Weltploitik
Zehn Tipps, wie man friedliche Koexistenz nachhaltig sabotiert
Zum Krieg in der Ukraine
1. Man sei Präsident eines großen Landes mit Atomwaffen und erkläre öffentlich, die gegnerische Großmacht mit Atomwaffen sei gar keine Großmacht mehr, sondern nur noch eine unterlegene Regionalmacht, auf deren geostrategische Interessen man keine Rücksicht mehr nehme.
2. In der Folge ignoriere man Warnungen und rote Linien des Gegners und entwickele das eigene Militärbündnis bis an die Grenzen des Gegners und betone dabei stets den eigenen Friedenswillen. Selbst dann, wenn der Gegner in internationalen Konflikten mit der eigenen Seite vermehrt seine Interessen mit militärischer Gewalt durchsetzt, setze man den eigenen Expansionskurs unbeirrt fort und rüste eigene Partnerländer an der Grenzlinie weiter militärisch auf.
3. Innere Konflikte in dem betreffenden Land nutze man konsequent für die eigenen Interessen, auch wenn sie schon zum Bürgerkrieg zu eskalieren drohen. Öffentlich betone man dagegen die breite Unterstützung der Bevölkerung für die Partnerregierung und das eigene Bündnis.
4. Am besten ist es, wenn alle Konfliktparteien einen gemeinsamen Friedensvertrag unterschreiben ohne den Willen, diesen auch umzusetzen. Im Nachhinein erkläre man dann, man habe sowieso nur unterschrieben, um der eigenen Seite mehr Zeit zur Aufrüstung zu geben.
5. Wenn der Gegner dann tatsächlich einen völkerrechtswidrigen zwischenstaatlichen Krieg vom Zaun bricht, muss man natürlich völlig überrascht und aufrichtig empört sein. Sollte es aus völlig kriegswidersinnigen Gründen direkt nach Kriegsausbruch zu Friedensverhandlungen zwischen den Kriegsparteien kommen, so sind alle Beteiligten verpflichtet, diese umgehend abzubrechen.
6. Man setze sich für den weiteren Kriegsverlauf möglichst hohe sportliche Ziele, wie die gegnerische Großmacht militärisch zu besiegen oder durch Sanktionen wirtschaftlich zu ruinieren. Anschließend gehe man All-in und setze alles auf die militärische Karte und den Sieg der eigenen Seite. Für die öffentliche Unterstützung dieses Kriegskurses unterschätze man dabei systematisch die militärisch-industriellen Kapazitäten des Gegners und überschätze die eigenen.

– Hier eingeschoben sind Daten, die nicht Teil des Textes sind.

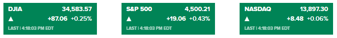 道琼斯指数上涨87.06点,至34583.57点,涨幅0.25%,盘中一度下跌300点;标准普尔500指数上涨0.43%,至4500.21点;纳斯达克综合指数在连续两天下跌后小幅上涨0.06%,至13897.30点。
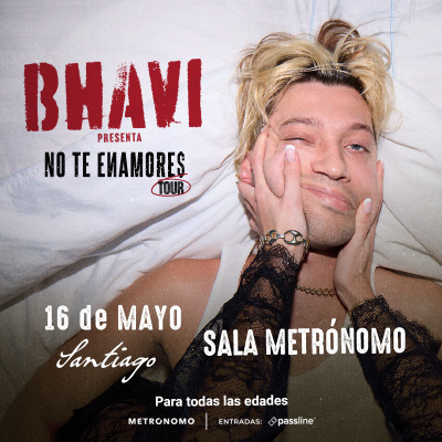 El evento BHAVI - NO TE ENAMORES TOUR promete ser una noche llena de energía y buena música en la Sala Metronomo de Recoleta. Este artista, conocido por su estilo único y su presencia en la escena musical, invita a sus seguidores a disfrutar de un espectáculo que seguramente será memorable. La experiencia ofrecerá una mezcla de ritmos modernos y letras que conectan con el público joven y adulto, creando un ambiente vibrante y lleno de entusiasmo. La sala, reconocida por su excelente acústica y ambiente íntimo, será el escenario perfecto para que los asistentes vivan una noche especial. La propuesta de BHAVI ha sido muy bien recibida en la escena local, consolidándose como uno de los artistas emergentes más interesantes del momento. La puesta en escena combina música en vivo, interacción con el público y una producción cuidada que garantiza una experiencia completa. La noche será ideal para quienes disfrutan de la música urbana y buscan un evento cercano y auténtico. No te pierdas la oportunidad de ser parte de esta experiencia y disfrutar de un espectáculo que promete dejar huella en la memoria de todos los asistentes.

7. In der Folge überhöhe man in der Mediendarstellung die eigenen militärischen Erfolge sowie die Opferzahlen des Gegners. Es schadet dabei für die eigene Siegeszuversicht keineswegs, wenn die Opferzahlen die Truppenstärke des Gegners übersteigen oder dem Gegner die Panzer ausgehen, sodass er in absehbarer Zeit nur noch mit Vorderladern und Knüppeln kämpfen kann.
8. Um die Kriegsprofite der Rüstungsindustrie zu erhöhen und den Krieg möglichst schnell zu gewinnen (bzw. de facto zu verlieren), ermuntere man den eigenen Bündnispartner jedes Jahr zu einer möglichst verlustreichen militärischen Großoffensive. Wenn die dafür militärisch notwendige Luftunterstützung fehlt, dann geht’s halt mal schief. So what? Better luck next time. Sind ja noch nicht die eigenen Soldaten.
9. Kriegsgegner und Bedenkenträger im eigenen Lager markiere man in möglichst eindeutiger Weise als 5. Kolonne des Gegners und finde geeignete Bezeichnungen wie Lumpenpazifisten oder Putinversteher. Öffentliche Debatten mit solchen Subjekten müssen durch den empörten Hinweis auf Kriegsverbrechen und Gräueltaten des Gegners zwingend emotionalisiert werden. Alle Aufforderungen zu diplomatischen Verhandlungen weise man strikt mit Verweis auf die eigenen Kriegsziele ab: Erst wird gesiegt, dann verhandelt.
10. Angebote zu diplomatischen Verhandlungen zu Waffenstillstand und Frieden an die gegnerische Kriegspartei sind der eigenen Seite erst dann erlaubt, wenn die eigene militärische Lage so schlecht ist, dass der Gegner einem lachend den Vogel zeigt und dankend ablehnt. Auf diese Art wird gewährleistet, dass die konjunkturbelebende Maximallänge eines Krieges nicht unnötig verkürzt wird und der eigenen Seite die militärische Eskalation zum Atomkrieg als Option erhalten bleibt.